*PROBLEM DETAILS*
Exact copy without images: repeat every entry as written.

*THE DATA*
========

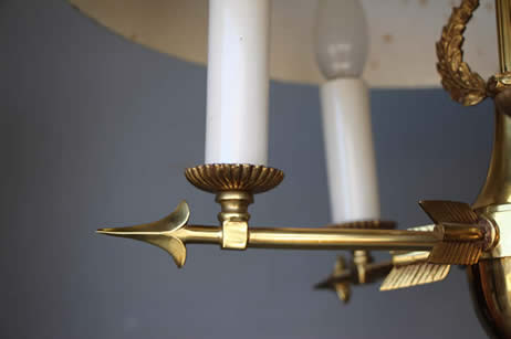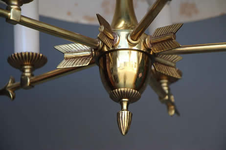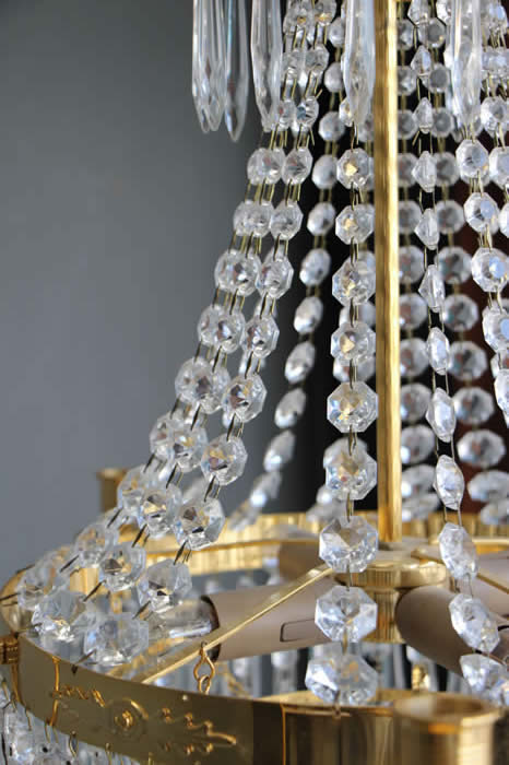 A long brass pendulum is housed
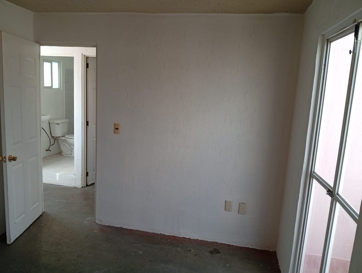 Dos recamas, espacio de sala y comedor, espacio para cocina, patio de servicio, baño completo.
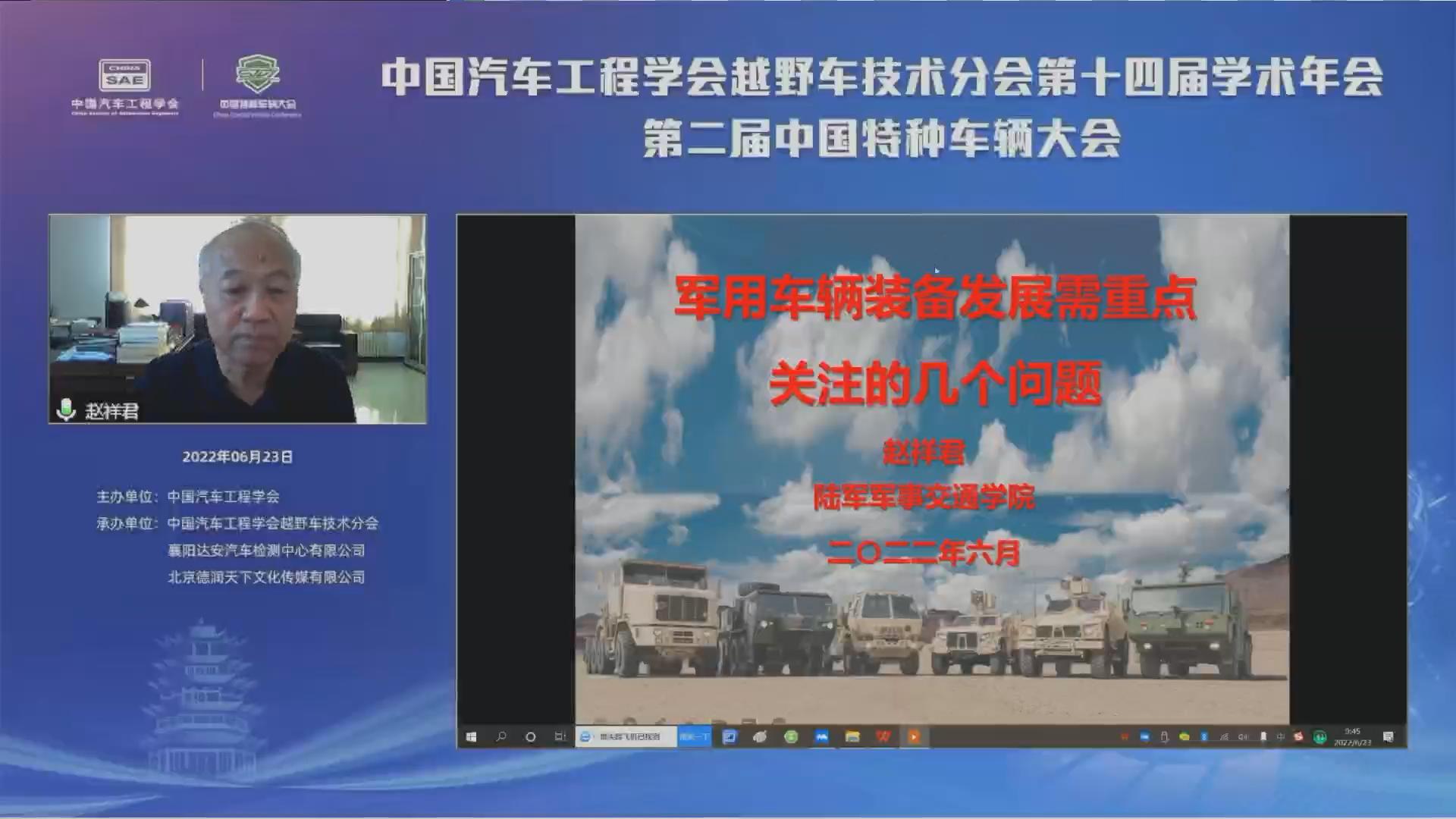 【中国汽车趋势网 讯】2022年6月23日,2021年中国汽车工程学会越野车技术分会第十四届学术年会第二届中国特种车辆大会在线上成功召开。本次会议围绕下一代车辆技术需求与特征进行交流研讨,吸引了来自全国越野车行业军方用户、科研院校、生产制造、关键零部件配套以及相关企业的领导、专家学者共400多人共聚云端,为我国越野车未来发展趋势和技术创新应用献言献计!
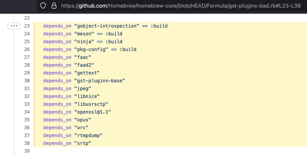 Ok, now I know what might be causing the SRT plugin to not be available on my GStreamer’s brew installation. In order to confirm that, I checked the Homebrew formula for its dependencies.
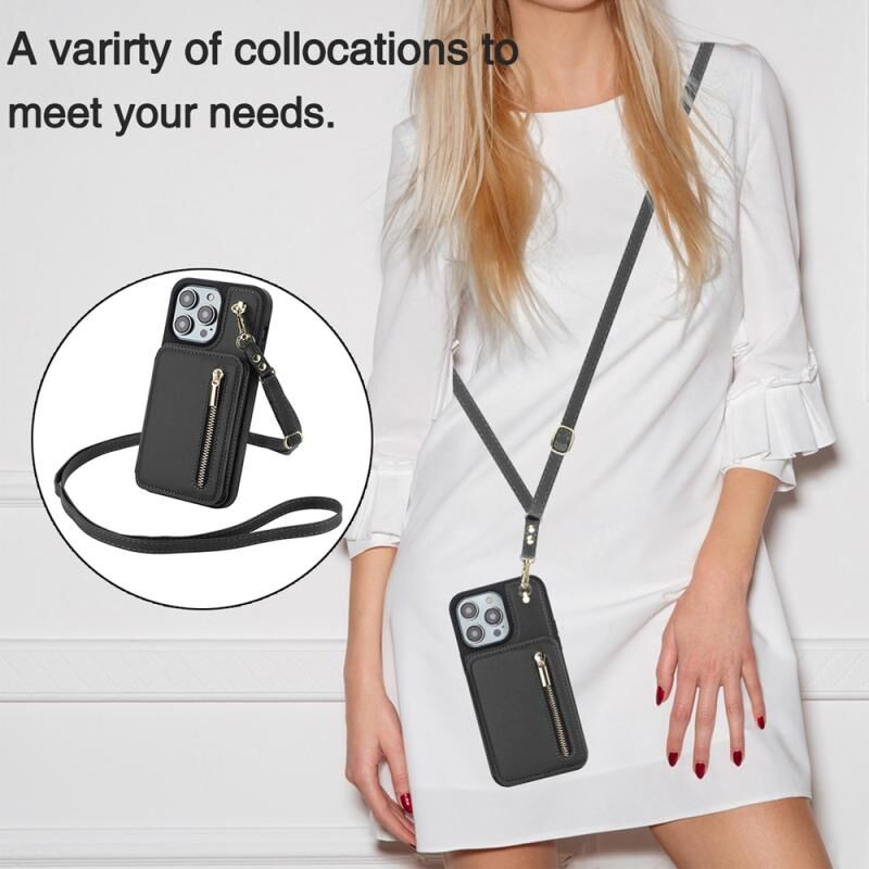 Θήκη κινητού τηλεφώνου για iPhone XR YM006 με υφή δέρματος, φερμουάρ και τσέπη για κάρτες, με διπλό κορδόνι (Σκούρο Μωβ)

========

*ANSWER BOX*
 A long brass pendulum is housed
 Dos recamas, espacio de sala y comedor, espacio para cocina, patio de servicio, baño completo.
 【中国汽车趋势网 讯】2022年6月23日,2021年中国汽车工程学会越野车技术分会第十四届学术年会第二届中国特种车辆大会在线上成功召开。本次会议围绕下一代车辆技术需求与特征进行交流研讨,吸引了来自全国越野车行业军方用户、科研院校、生产制造、关键零部件配套以及相关企业的领导、专家学者共400多人共聚云端,为我国越野车未来发展趋势和技术创新应用献言献计!
 Ok, now I know what might be causing the SRT plugin to not be available on my GStreamer’s brew installation. In order to confirm that, I checked the Homebrew formula for its dependencies.
 Θήκη κινητού τηλεφώνου για iPhone XR YM006 με υφή δέρματος, φερμουάρ και τσέπη για κάρτες, με διπλό κορδόνι (Σκούρο Μωβ)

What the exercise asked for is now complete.